DETAILED DESCRIPTION OF INVENTION

(1) The alloy composition of martensitic steels has hitherto been restricted by the formation of the Z phase within the time over which the component is utilized.

(2) The alloy of the invention comprises at least (in % by weight): carbon (C): 0.15%-0.25%, preferably 0.19%-0.21%, silicon (Si): 0.0%-0.08%, preferably 0.0%-0.06%, manganese (Mn): 0.03%-0.20%, preferably 0.05%-0.15%, chromium (Cr): 9.5%-10.5%, preferably 9.8%-10.2%, molybdenum (Mo): 0.4%-1.0%, preferably 0.6%-0.8%, tungsten (W): 1.6%-2.4%, preferably 1.9%-2.1%, cobalt (Co): 2.5%-3.5%, preferably 2.8%-3.2%, nickel (Ni): 0.0%-0.40%, preferably 0.0%-0.20%, boron (B): 0.003%-0.02%, preferably 0.006%-0.01%, nitrogen (N): 0.0%-0.40%, preferably 0.0%-0.20%, titanium (Ti): 0.02%-0.10%, preferably 0.04%-0.08%, vanadium (V): 0.10%-0.30%, preferably 0.15%-0.25%, niobium (Nb): 0.02%-0.08%, preferably 0.04%-0.06%, copper (Cu): 1.20%-2.10%, preferably 1.65%-1.85%, aluminum (Al): 0.003%-0.06%, in particular 0.005%-0.04%, balance iron (Fe), in particular consisting of these elements.

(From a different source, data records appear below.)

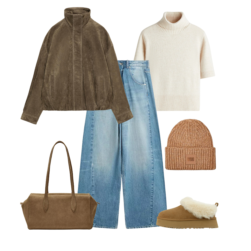 Susreću se dva klasika: denim i antilop. Maslinasta bomber jakna od suedea nosi se preko bijelog pulovera i širokih svijetlih traperica, stvarajući savršen balans između cozy i cool. Papuče i pletena kapa pojačavaju zimsku udobnost, dok torba u kamel nijansi unosi dašak elegancije. Ovaj outfit idealan je za ležerne poslovne susrete ili brunch u urbanoj atmosferi.
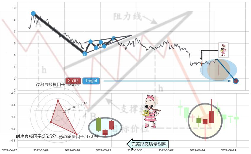 ➢ 🕰 价格走势在2022-06-17至2022-06-17期间形成单针探底(定海神针),残存影响值:1.98
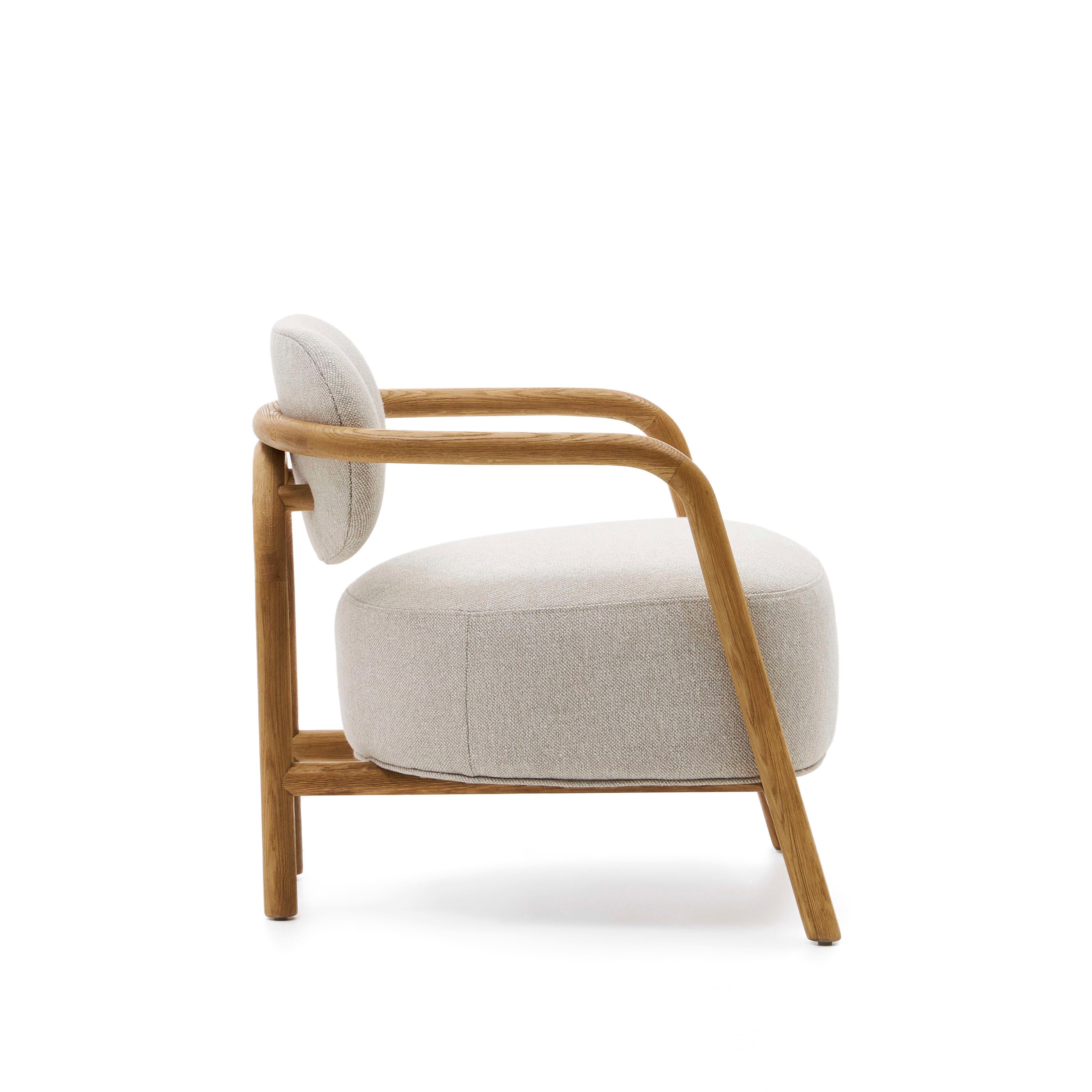 - Fauteuil met armleuningen en structuur in massief eikenhout met natuurlijke afwerking.

(3) New concepts enable the limit to be shifted: a) shifting of the formation of the Z-phase towards 200 000 hours, b) formation of the Z-phase before commencement of the time over which the later GT forged component is utilized.

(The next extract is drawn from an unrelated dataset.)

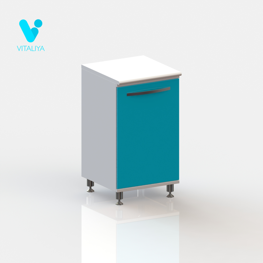 Тумба металлическая цельносварная, выполнена из листового металла толщиной 1 мм и окрашена полимерно-порошковой краской. Дверь установлена на петли с механизмом плавного закрывания, производства компании HETTICH, Германия. Фасад двери укомплектован ручкой-скобой из нержавеющей стали с межцентровым расстоянием 320 мм. Тумба изготовлена в варианте на регулируемых хромированных опорах высотой 100 мм. Внутри установлены две съёмные полки.
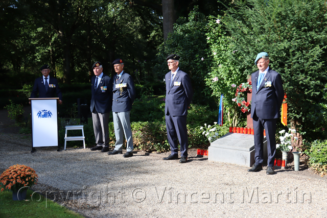 Herdenking bij het Indië monument op Algemene Begraafplaats aan de Herfstlaan in Heemstede van 6 tussen 1946 en 1950 omgekomen Nederlandse militairen:

(4) As a consequence, the mechanical properties no longer change over the time of utilization as a result of the formation of the Z-phase. Instead, the characteristic values due to the formation of the Z-phase are much more constant. Design of the components is possible.

(5) An advantageous embodiment is (in % by weight): carbon (C): 0.20%, silicon (Si): 0.06%, manganese (Mn): 0.10%, chromium (Cr): 10%, molybdenum (Mo): 0.7%, tungsten (W): 2.0%, cobalt (Co): 3.0%, nickel (Ni): 0.0%, boron (B): 0.010%, nitrogen (N): 0.0%, titanium (Ti): 0.05%, vanadium (V): 0.20%, niobium (Nb): 0.05%, copper (Cu): 1.75%, aluminum (Al): 0.02%, balance iron (Fe).

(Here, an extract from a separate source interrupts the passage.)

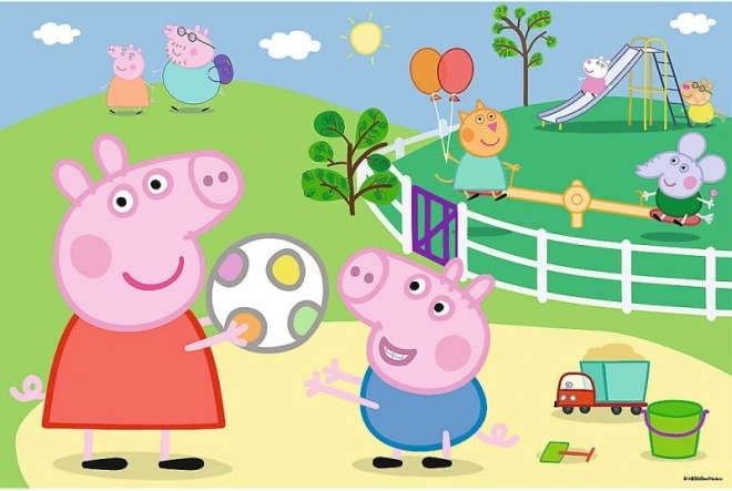Giv glæde til små fans af PEPPA PIG. Efter samling opstår en farverig scene fra legepladsen, som motiverer børn til at fortælle historier og træner tålmodighed. Takket være større og præcist udskårne brikker er puslespillet nemt at samle og perfekt som et af de første puslespil.

(6) Apart from the use as forged disk in a gas turbine, further uses are conceivable, for example gas turbine compressor blades, steam turbine blade or as steam turbine forged part.

(7) The advantages are: —expansion of the use range of “inexpensive” iron-based alloys compared to “expensive nickel-based materials”, —faster workability of the rotor components based on iron (9%-11% of Cr) compared to nickel-based materials, —experience from the construction, finishing and production of the high-alloy iron-based alloys can largely be carried over; this helps, for example, in all probabilistic approaches (e.g. fracture mechanics =>minimized risk), —use temperature can be increased and therefore makes power and performance increases for the machine possible without external cooling being necessary.